Crude Oil Continues to Build Base
- WTI continues consolidation
- $50 extraordinarily important
- Moving averages just above
The crude oil markets continue to be relatively choppy during the week, as the $50 level underneath keeps offering quite a bit of psychological and structural support. Ultimately, this is a market that should continue to see a lot of interest just below because the $50 level is historically important. This, of course, will attract a lot of headlines. There are a lot of fundamental factors out there as well that are pushing and pulling the crude oil markets back and forth.
There is still a significant amount of tension in the Middle East, and with the Iranian refinery catching fire at the weekend, there is the suspicion that perhaps the Saudi Arabian government has retaliated.
The technical analysis continues to be somewhat consolidated, mainly because the 50-day EMA is sitting just above the $55 level – which, of course, has its own importance to lend to the market. Pullbacks at this point should continue to find plenty of support underneath.

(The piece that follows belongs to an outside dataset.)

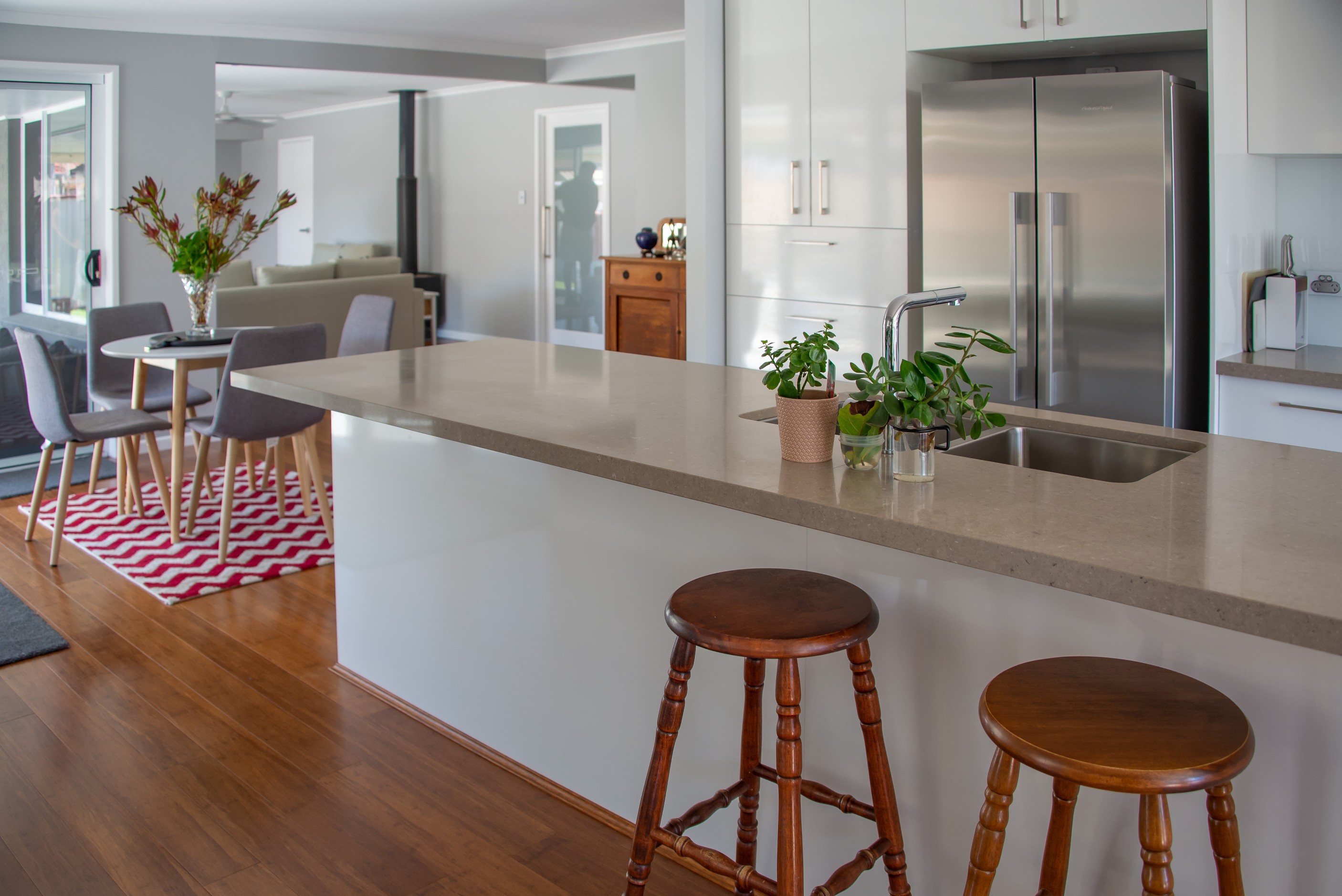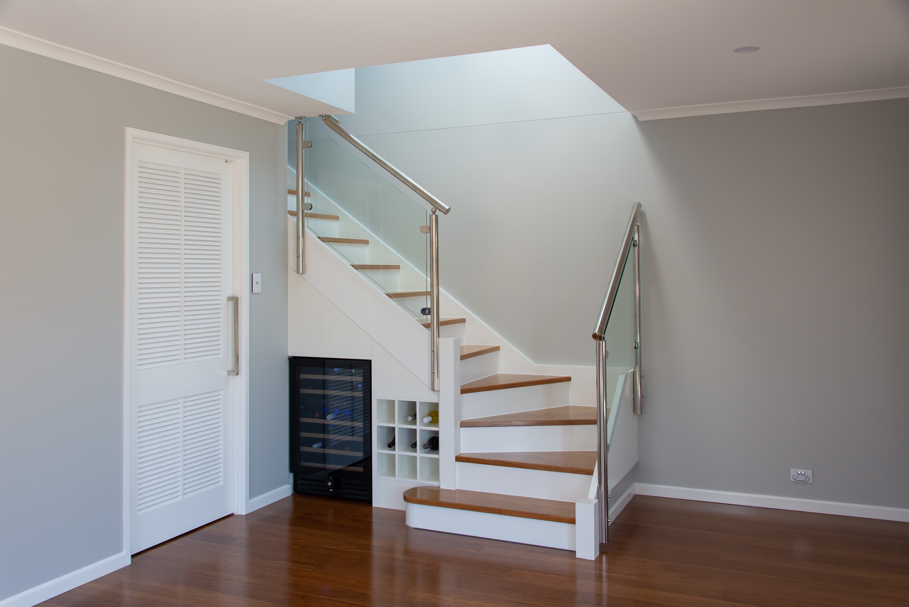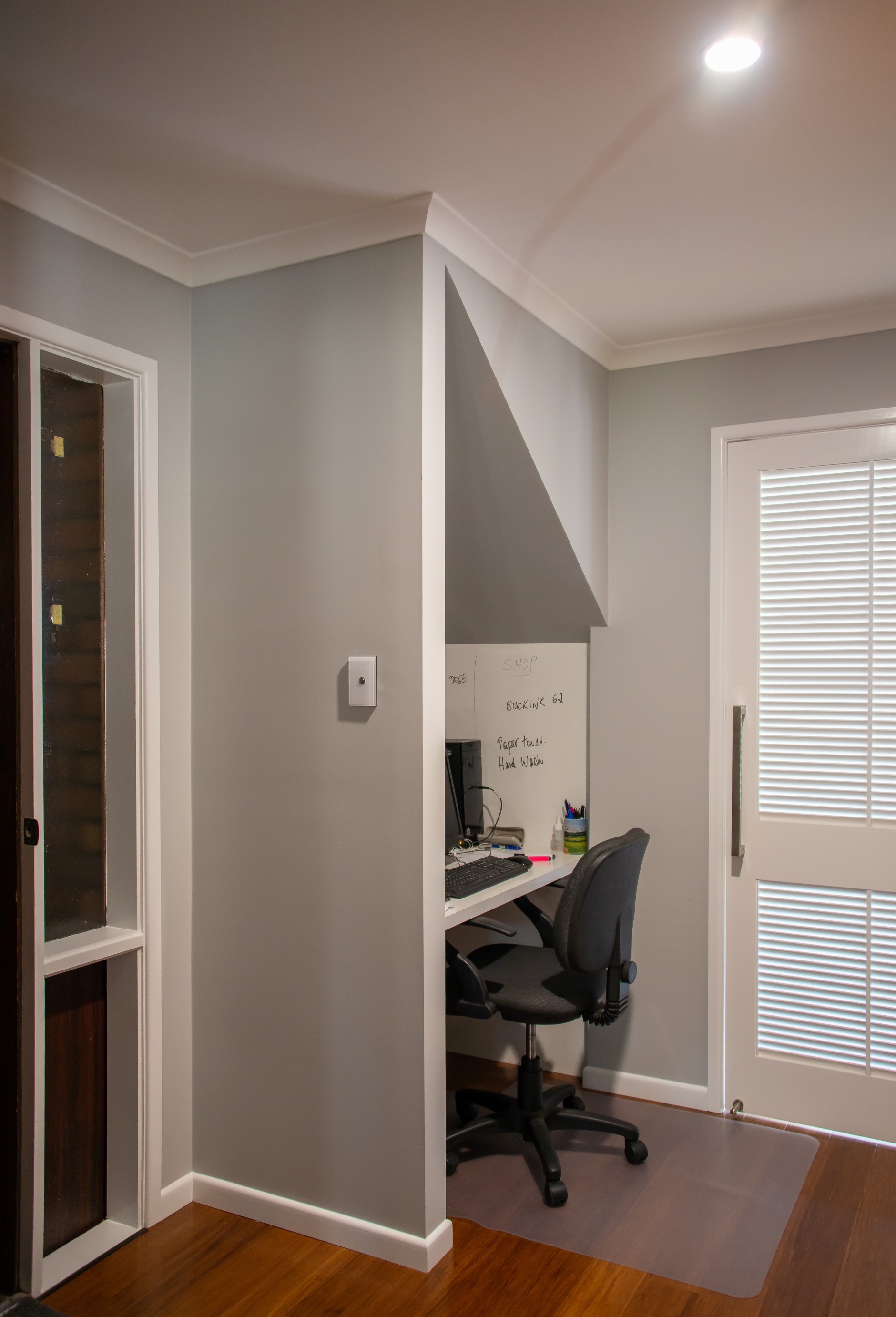 - Downstairs we relocated the kitchen area, and opened up the layout. Also included replacing windows with doors at the front of the house to allow for access to new porch area outside, a new custom kitchen, a renovation to the laundry, a study/office nook and new staircase with wine fridge built in under. New timber flooring was also installed downstairs

It should be pointed out that the shorter-term charts have shown a significant amount of buying pressure at the $51 level that extends down to the $50 level.
Looking at the chart, there has been a significant amount of resistance at the $60 level. Historically, oil markets do tend to move in $10 increments. With that being the case, it makes sense that perhaps traders will continue to look at this range to go back and forth, and there are also concerns about demand. When it comes to energy, global growth has been under serious pressure.
Range-bound systems will possibly continue to be employed in this market, with its borders being well defined. That doesn’t mean it won’t be noisy and choppy along the way. Looking at dips, though, there should be buying opportunities. There should also be selling opportunities above. With that said, the 50-day EMA being broken to the upside allows for the longer-term consolidation area to become more the norm. The $60 level should cause significant resistance, as it has in the past, based on “market memory”.
This should continue to be an active market. Intraday trading is probably best as well, with an eye on the larger level. Ultimately, there is something of a limit as to how high the oil markets can go due to the economic slowdowns around the world. However, with the tension underneath the surface in the Middle East, there is also always going to be the possibility of a sudden shot higher. Caution and small position sizing should lead the way.